Часто маститые писатели советуют молодым учиться у Пушкина. Хотелось бы спросить у такого умника (да ведь и спрашивал бы, получая в ответ лишь надувание щёк), а сам ты учился у него? А если учился, то как? Я пока что этих учеников в глаза не видел.

Речь не о том, что стих русской поэзии – это пушкинский стих: пятистопный ямб, от которого мы ни в зуб ногой ни на миллиметр, с перекрёстной рифмовкой, поэтическая лексика – это пушкинская лексика. Так что кто научился хоть чуть-чуть рифмовать, он уже научился пушкинскому стиху, даже не подозревая об этом. Аналогично русская проза – это исключительно пушкинская проза, даже когда она тургеневская, толстовская, чеховская (но не достоевщина: так ведь и сумбурить, как Достоевский – не тот идеал, который может маячить перед писателем).
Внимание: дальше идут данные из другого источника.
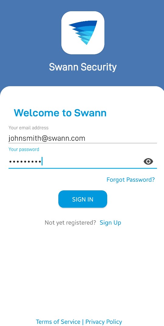 Display the application version information, your phone model number and the Android OS version. You can also access the terms of service and privacy policy relating to the Swann Security app.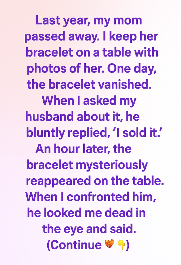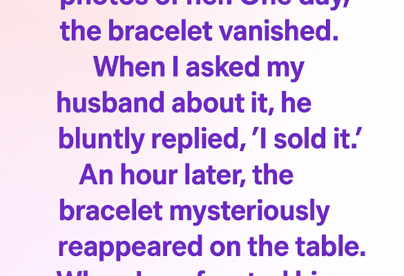 One morning, I noticed the bracelet was gone. My heart sank. I searched everywhere — under the table, in drawers, even inside the couch cushions — but it was nowhere to be found. Confused and upset, I asked my husband if he’d seen it. Without hesitation, he said, “I sold it,” and walked away. My chest tightened. I couldn’t believe he’d say something like that about something so precious. I felt hurt and betrayed.

Речь о том, чтобы учиться у Пушкина непосредственно. Но если строго разобрать вопрос, то окажется, что учиться-то у Пушкина нечему. Языку? Но это стандартный язык школьных учебников и хрестоматий. Согласен, к его победе в русской культуре как раз Пушкин-то и приложил решающую руку. Но теперь, когда он снял её с пульса вопроса актуальности, лучше языку учиться по Розенталю, чем по Пушкину. Дальше очерченных рамок какового Розенталем ещё не одному редактору или переводчику переползти и не снилось.

Метафорам? Ни одной оригинальной метафорой наш классик мировую литературу не обогатил, а подтибрил их у греков и латинян, через их французские переложения. Грифцов отлично показал, что даже знаменитый русский пейзаж поэта – это калька с Гренгуара и Парни, и больше отражает французскую природу, чем нашу родную. Чего стоят только описания речек и ручьёв с крутыми берегами, на которых резвятся пастухи и пастушки и которые характерны именно для французской природы, но никак не соответствуют нашим берегам родным, топким и болотистым.

У Пушкина, скажете вы, метафоры парят не сами по себе, а завязаны в тугие узлы стихотворного текста:

 

Но вот багряною рукою

Заря от утренних долин

Выводит с солнцем за собою

Весёлый праздник именин

 

Так-то оно так. Да не так. Всё это комбинаторика, как говорит Боря Капустин. Может, она и есть одно из свойств поэтического таланта, но именно таких свойств, научиться которым невозможно, которые, как и способность перемножать в уме сходу трёхзначные цифры, даётся от рождения мамой с папой, и хотя и подлежит тренировке и упражнению, но никак не научению.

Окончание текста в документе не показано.